Data is collected throughout the well lifecycle from multiple vendors in a wide range of formats. These data types have historically been ‘owned’ by different technical domains as well. For instance, drillers owned the WITSML data, geo’s the well logs, completions engineers the frac van data, production engineers the daily rates and pressures. These different data types are delivered to the operator through various formats and mechanisms, like csv files, via FTP site or client portals, in proprietary software, and even as ppt or pdf files.

Each domain has worked hard to optimize their processes to drive down costs and increase performance. Part of the gains are due to analytics applications – either built in house or delivered as an SaaS offering from vendors – providing tailored solutions aimed at addressing specific use cases. Many such vendors have recently entered the space to help drillers analyze drilling data to increase ROP or to help reservoir engineers auto-forecast production. However, the O&G landscape is starting to look like all those apps cluttering your phone and not communicating with each other. This usually translates into asset teams becoming disjointed, as each technical disciple uses different tools and has visibility only on their own data. Not only is this not ideal, but operators are forced to procure and support dozens of disconnected applications.

Despite the gains achieved in recent years, certainly due in part to analytics, most shale operators are still cash flow negative. Where will we find the additional performance improvements required to move these companies into the black?

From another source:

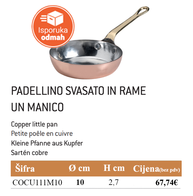 Rame liscio manicato ottone fuso 2 mm in stile francese / Flat copper with brass handle

The next step in gains will be found in integrating data from across domains to apply analytics to the overall asset development plan. A cross-disciplinary, integrated approach is needed to really understand the reservoir and best extract the resources. Some asset teams have started down this path but are forced to cobble together solutions, leaving operators with unsupported code that spans Excel, Spotfire, Python, Matlab, and other siloed vendor data sources.

Large, big-name service providers are trying to build out their platforms, enticing operators to go all-in with their software just to more easily integrate their data. Not surprisingly, many operators are reluctant to go down this path and become too heavily dependent on a company that provides both their software and a large chunk of their oilfield services. Is it inevitable that operators will have to go with a single provider for all their analytics needs just to look for insights across the well lifecycle?

An alternative and perhaps more attractive option for operators is to form their own data strategy and leverage an analytics layer where critical data types can be merged and readily accessed through an open API. This doesn’t mean another data lake or big data buzz words, but a purpose-built analytics staging area to clean, process, blend, and store both real time and historical data. This layer would fill the gap currently experienced by asset teams when trying to piece their data together. Petro.ai provides this analytics layer but comes with pre-built capabilities so that operators do not need a team of developers working for 12 months to start getting value. Rather than an SaaS solution to one use case, Petro.ai is a platform as a service (PaaS) that can be easily extended across many use cases. This approach removes the burden of building a back end for every use case and then supporting a range of standalone applications. In addition, since all the technical disciplines leverage the same back end, there is one true source for data which can be easily shared across teams.

Imagine a phone with a “Life” app rather than music, calendar, weather, chat, phone, social, etc. A single location with a defined data model and open access can empower teams to perform analytics, machine learning, engineering workflows, and ad hoc analysis. This is the direction leading O&G companies are moving to enable the integrated approach to developing unconventionals profitably. It will be exciting to see where we land.